Cerebrospinal fluid (CSF) surrounding the central nervous system acts as both a mechanical protection medium, and a steadily flowing metabolite collector and neuroendocrine communication pathway. In addition to convective or diffusive molecular transport, its composition is actively controlled by meningothelial cells (MECs) lining the subarachnoid space (SAS), via the production of cytokines and proteins and the endocytosis of macro-molecules and apoptotic cells. Exposing MECs to elevated pressure induces cell proliferation and a dramatic decrease in endocytotic activity . These changes can be expected to directly impact SAS geometry, CSF composition and flow, all of which may in turn influence neuronal function. Based on their similarity to vascular endothelial cells, MECs might also be expected to respond to the shear forces imposed by the CSF flow or actively participate to waste clearance via trans-cellular transport. In this study we will investigate the impact of different flow conditions on MECs cell response using our in house flow reactors.
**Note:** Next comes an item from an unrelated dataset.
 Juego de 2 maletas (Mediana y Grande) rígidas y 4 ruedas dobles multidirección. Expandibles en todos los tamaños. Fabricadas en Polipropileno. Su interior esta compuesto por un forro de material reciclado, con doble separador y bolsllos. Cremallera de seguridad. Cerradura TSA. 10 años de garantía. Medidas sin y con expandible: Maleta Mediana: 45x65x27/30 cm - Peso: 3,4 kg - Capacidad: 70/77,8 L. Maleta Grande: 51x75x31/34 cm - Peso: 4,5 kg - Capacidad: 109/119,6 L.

Aim: To understand cerebrospinal fluid (CSF) dynamics along the optic nerve, and potential relationships between CSF dynamics, MECs response in optic neuropathies such as normal tension glaucoma.
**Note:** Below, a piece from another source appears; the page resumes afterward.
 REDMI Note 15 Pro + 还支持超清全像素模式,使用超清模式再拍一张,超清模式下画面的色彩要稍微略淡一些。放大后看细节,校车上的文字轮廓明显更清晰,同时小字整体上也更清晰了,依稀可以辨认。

One challenge in linking biological results obtained in cell cultures to in vivo manifestations is the difficulty to characterize the local CSF pressures and velocities in vivo, due to the small dimensions of the SAS and trabecular structures. Numerical simulation could provide a mean to circumvent such difficulties, characterizing the CSF dynamics to a level of details not achievable in vivo.
In this study, we will thus develop a multiscale model of the CSF dynamics along the optic nerve accounting for the significant regional variations in SAS dimensions and trabecular microstructure noted along the length of the ON sheath  (Figure). Ultimately, these simulations may incorporate the experimental results to try and explain pathological observations.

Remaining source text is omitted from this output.